Íntegra da carta e transcrição
Íntegra do primeiro trecho da carta de Wellington
“Primeiramente deverão saber que os
impuros não poderão me tocar sem luvas, somente
os castos ou os que
perderam suas castidades após o casamento e
não se envolveram em
adultério poderão me tocar sem usar luvas, ou seja, nenhum
fornicador ou adúltero poderá ter um contato direto comigo, nem nada
que seja impuro poderá tocar em meu sangue, nenhum impuro pode ter
contato direto com um virgem sem sua permissão, os que cuidarem de
meu sepultamento deverão retirar toda a minha vestimenta, me banhar,
me secar e me envolver totalmente despido em um lençol branco que
está neste prédio, em uma bolsa que deixei na primeira sala do
primeiro andar, após me envolverem neste lençol poderão me colocar
em meu caixão. Se possível, quero ser sepultado ao lado da sepultura
onde minha mãe dorme. Minha mãe se chama Dicéa Menezes de Oliveira e
está sepultada no cemitério Murundu.

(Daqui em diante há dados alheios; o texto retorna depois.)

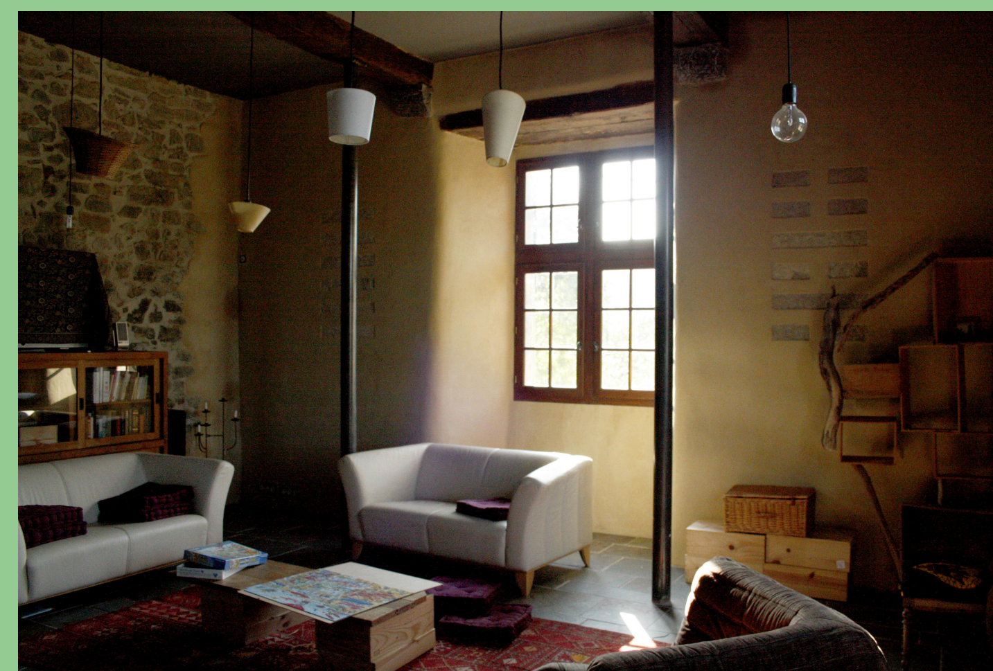
Enduits chaux chanvre projetés (300m 2 ) et enduits de finition terre (100m 2 ) Saint Esteben (64) - 2012

Preciso de
visita de um fiel
seguidor de Deus em minha sepultura pelo menos uma vez, preciso que
ele ore diante de minha sepultura pedindo o perdão de Deus
pelo o que eu fiz rogando para que na sua
vinda Jesus me desperte do sono da morte para a vida eterna.”
Trecho final, com a assinatura do atirador feita a mão
"Eu deixei uma casa em Sepetiba da qual nenhum familiar precisa, existem instituições
pobres, financiadas por pessoas generosas que cuidam de animais
abandonados, eu quero que esse espaço onde eu passei meus últimos
meses seja doado a uma dessas instituições, pois os animais são
seres muito desprezados e precisam muito mais de proteção e carinho
do que os seres humanos que possuem a vantagem de poder se
comunicar, trabalhar para se alimentarem, por isso, os que se
apropriarem de minha casa, eu peço por favor que tenham bom senso e
cumpram o meu pedido, por cumprindo o meu pedido, automaticamente
estarão cumprindo a vontade dos pais que desejavam passar esse
imóvel para meu nome e todos sabem disso, senão cumprirem meu
pedido, automaticamente estarão desrespeitando a vontade dos pais, o
que prova que vocês não tem nenhuma consideração pelos nossos pais
que já dormem, eu acredito que todos vocês tenham alguma
consideração pelos nossos pais, provem isso fazendo o que eu pedi.”